Der Deutsche Eishockey-Bund hat mit einem Hygienekonzept den Rahmen für die neue Spielzeit mit Zuschauern vorgegeben. "Jetzt sind die Clubs gefordert. Das Entscheidende muss jetzt vor Ort passieren", sagte der am Konzept beteiligte DEL-Spielbetriebsleiter Jörg von Ameln am Donnerstag.

Regionale Gesundheitsämter entscheiden

Auf Grundlage des von DEB und DEL erarbeiteten Plans sollen die Proficlubs nun jeweils ein eigenes Konzept erstellen, über das letztendlich die regionalen Gesundheitsämter entscheiden. "Wir benötigen aber die Anerkennung und Unterstützung, um den geplanten Start nicht noch weiter hinauszögern zu müssen. Das würde zu nachhaltigen Problemen in der Struktur und Leistungsfähigkeit des Profisports führen", sagte Rudorisch.
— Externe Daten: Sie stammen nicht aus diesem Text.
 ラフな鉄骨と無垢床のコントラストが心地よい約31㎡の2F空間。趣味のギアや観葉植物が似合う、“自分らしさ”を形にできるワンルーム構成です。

Anders als im Fußball sind die Profiligen der drei anderen großen Teamsportarten Eishockey, Handball und Basketball zwingend auf Zuschauer angewiesen. Geisterspiele sind wirtschaftlich nicht darstellbar und jeweils nur für eine begrenzte Zeit denkbar. Unabhängig vom vorgestellten Eishockeykonzept, das zunächst vor allem eine generelle Rückkehr zum Trainings- und Spielbetrieb ermöglichen soll, arbeiten Vertreter der Eishockey-, Handball- und Basketball-Profiligen derzeit gemeinsam daran, die kommende Spielzeit mit Zuschauern zu ermöglichen. Um Zeit dafür zu gewinnen, verlegten alle Ligen ihre Saisonstarts. Die Handball-Bundesliga soll am 1. Oktober starten, DEL und Basketball-Bundesliga dagegen erst im November. "Wir tun alles dafür, dass wir mit Zuschauern spielen können", sagte DEB-Präsident Franz Reindl.
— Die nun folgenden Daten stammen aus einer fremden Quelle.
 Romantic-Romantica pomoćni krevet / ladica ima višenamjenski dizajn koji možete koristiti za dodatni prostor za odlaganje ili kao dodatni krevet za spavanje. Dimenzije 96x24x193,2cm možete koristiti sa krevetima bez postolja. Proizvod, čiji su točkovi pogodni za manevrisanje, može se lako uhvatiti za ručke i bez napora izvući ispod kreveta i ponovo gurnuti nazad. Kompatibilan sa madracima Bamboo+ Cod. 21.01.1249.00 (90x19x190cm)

Fiebermessung vor Betreten des Stadions

Die müssten dann aber wohl einige Einschränkungen in Kauf nehmen. DEB-Sportdirektor Stefan Schaidnagel prophezeite genau vorgegebene Wege, etwa zu den Toiletten oder zum Bratwurststand. "Möglichkeiten zu Fiebermessungen im Eingangsbereich vor Betreten des Stadions müssen geschaffen werden", heißt es zudem in dem Konzept. Singen und Anfeuern soll nur, wer eine sogenannte FFP2-Maske trägt. Wie sich die durch Masken gesungenen Sprechchöre anhören, ist nur eine der Fragen, die am Donnerstag unbeantwortet blieben.
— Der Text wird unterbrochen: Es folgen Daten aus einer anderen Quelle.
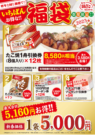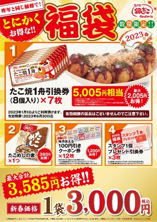 毎年ご好評いただいております、築地銀だこの 『ぜったいお得な!! 福袋』 は、物価高に負けず!今年も同価格の1,000円、3,000円、5,000円(全て税込)の3種類をご用意!

Da alles auf einen Spielbetrieb mit Zuschauern ausgelegt ist, blieb das Konzept des DEB - anders als etwa das von der Deutschen Fußball Liga für ihre Geisterspiele - in Teilen reichlich vage. Denn über die Zulassung von Zuschauern kann in jedem Bundesland anders entschieden werden. Auch die regionalen Gesundheitsämter können unterschiedliche Auflage machen. "Wir können keine Komplettlösung anbieten und haben lokale Besonderheiten ausgeklammert", sagte Schaidnagel und sieht seine allgemeinen Vorgaben für die Unterbringung und das Verhalten von Spielern und Offiziellen in den Stadien lediglich als Leitfaden.